Being a lover of the power of MySQL I find it hard to suggest you use something else, but in this case, you really should.
Here is why -
Problems using MySQL replication
Why MySQL had good replication (and that's most likely what you should be using if you're synchronizing a MySQL database - as recommended by others) there are some things to watch out for.
"Unique Key" clashes will give you a massive headache; the most
likely cause of this is "Auto Incrementing" IDs that are common in
MySQL applications (don't use them for syncing operation unless there
is a clear "read+write"->"read-only" relationship - which there isn't
in your case.)
Primary keys must be generated by each server but unique across all servers. Possibly by adding a mix of a server identifier and a unique ID for that server (Server1_1, Server1_2, Server1_3 etc will not clash with Server2_1)
MySQL sync only supports on-way unless you look at their clustering solutions (https://www.mysql.com/products/cluster/).
Problems doing it "manually" with time stamping the record.
Another answer recommends keeping "Time Updated" records. While I've done this approach there are some big gotchas to be careful of.
"Unique Key" clashes (as mentioned above; same problems - don't use them except primary keys, and generate primary keys unique to the server)
Multiple updates on multiple servers need to be precisely time-synced
and clashes handled according to rules. This can be a headache.
What happens when updates are received way out-of-order; which fields have been updated, which weren't? You probably don't need to update the whole record, but how do you know?
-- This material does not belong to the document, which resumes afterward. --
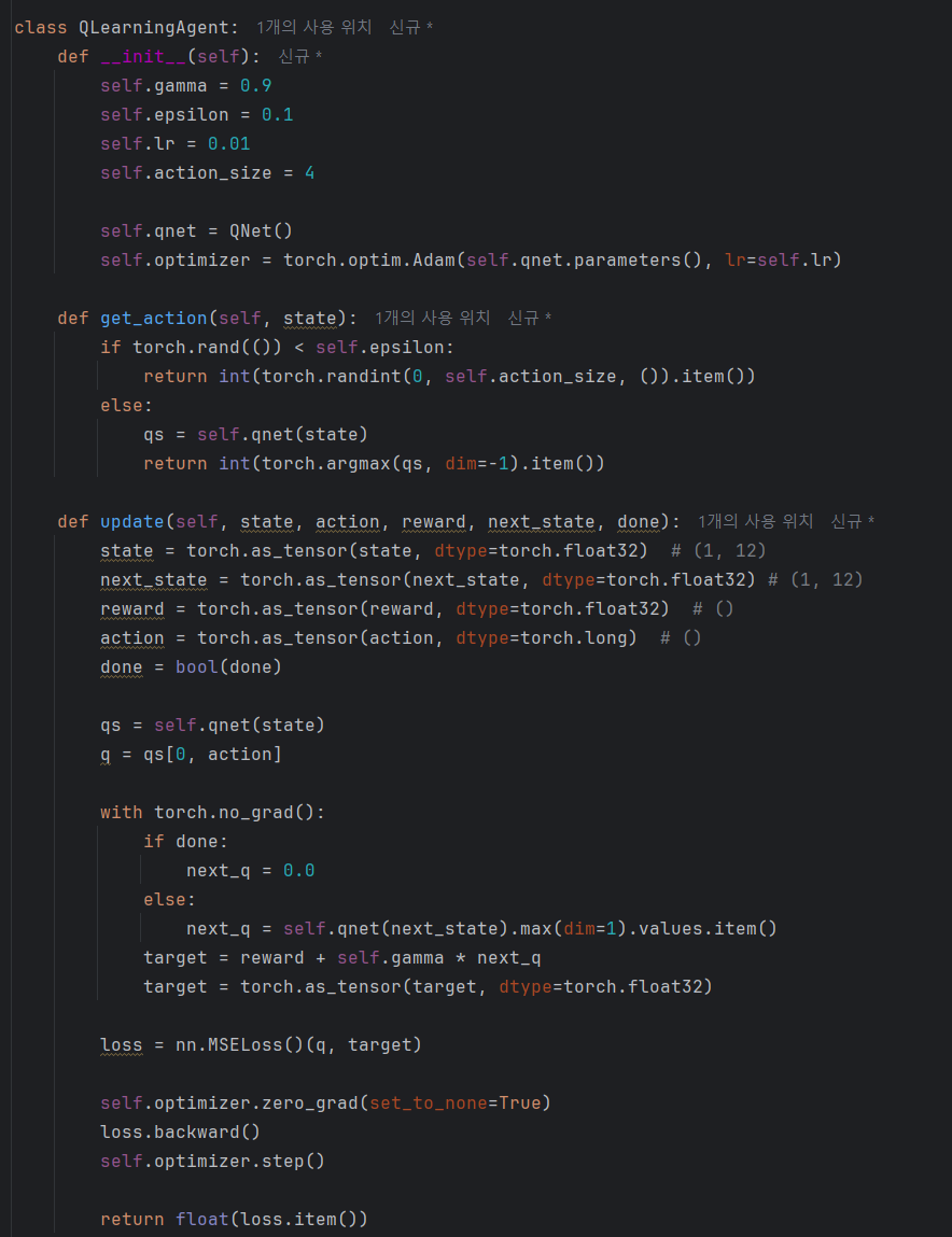 계속해서 방금 작성한 신경망을 이용하여 Q 러닝 알고리즘을 구현해보자.

If you must, try one of the commercial solutions as mentioned in answers https://serverfault.com/questions/58829/how-to-keep-multiple-read-write-db-servers-in-sync and https://community.spiceworks.com/topic/352125-how-to-synchronize-multiple-mysql-servers and Strategy on synchronizing database from multiple locations to a central database and vice versa (etc - Google for more)
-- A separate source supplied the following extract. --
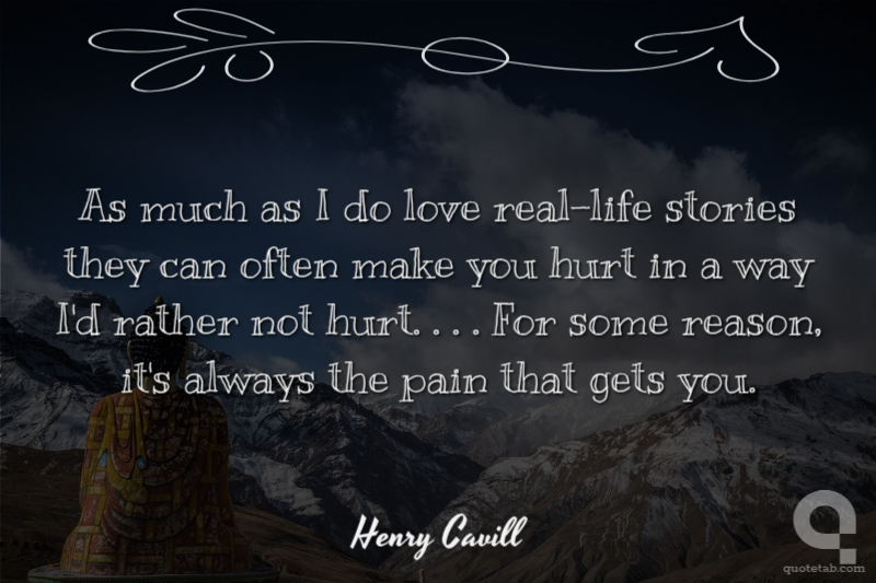 As much as I do love real-life stories they can often make you hurt in a way I'd rather not hurt. . . . For some reason, it's always the pain that gets you.

Problems doing it "manually" with journalling.
Journalling is keeping a separate record of what has changed and when. "Database X, Table Y, Field Z was updated to value A at time B" or "Table A had new record added with these details [...]". This allows you much finer control of what to update.
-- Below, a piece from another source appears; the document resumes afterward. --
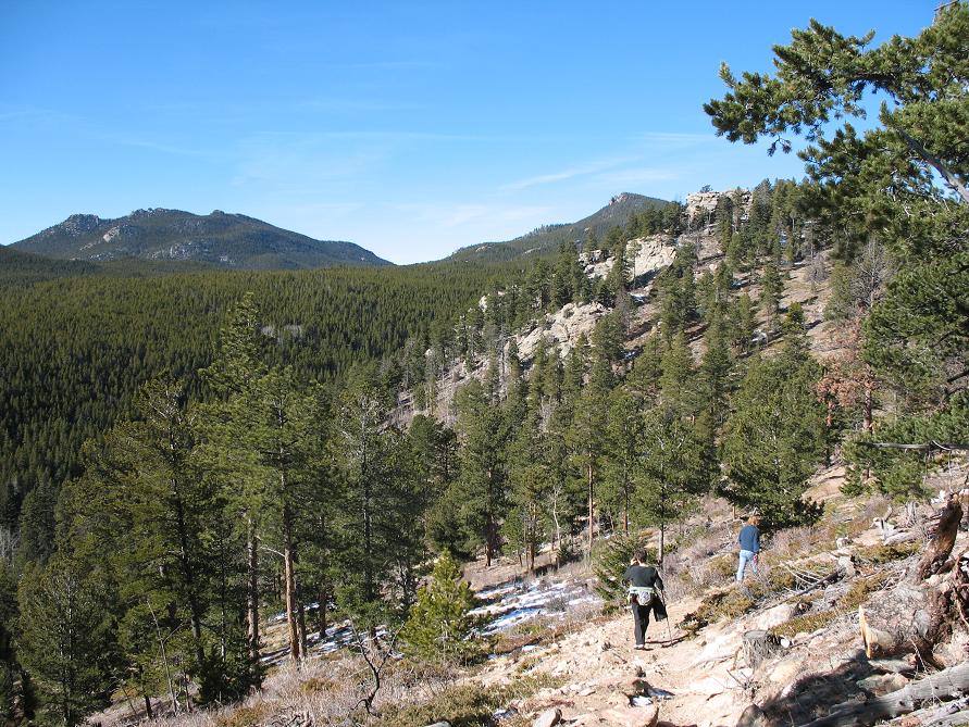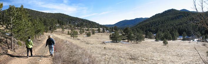 12) Ceran St Vrain, CO - March 14, 2009 - On a beautiful sunny spring day, our hiking gang went out to find a trail devoid of snow and mud. We found partial success with a short hike on the Ceran St Vrain trail. We had a pleasant 5 mile hike and even saw a moose cross the trail near our turn-around point.

if you look at database sync techniques, this is actually what is going on in the background; in MySQL's case it keeps a binary log of the updates
you only ever share the journal, never the original record.
When another server receives a journal entry, if has a much greater picture of what has happened before/after and can replay updates and ensure you get the correct details.
problems arise when the journalling/database get out of Sync (MySQL is actually a pain when this happens!). You need to have a "refresh" script ready to roll that sits outside the journalling that will sync the DB to the master.
It's complicated. So...
Solution: Using a document store designed for replication, e.g. MongoDB
Bearing all this that in mind, why not use a document store that already does all that for you? CouchDB has support and handles all the journalling and syncing (http://docs.couchdb.org/en/master/replication/protocol.html).
There are others out there, but I believe you'll end up with less headaches and errors than with the other solutions.
Master to master replication in MySQL can be accomplished without key violations while using auto_increment. Here is a link that explains how.
If you have tables without primary keys I'm not sure what will happen (I always include auto_increment primary keys on tables)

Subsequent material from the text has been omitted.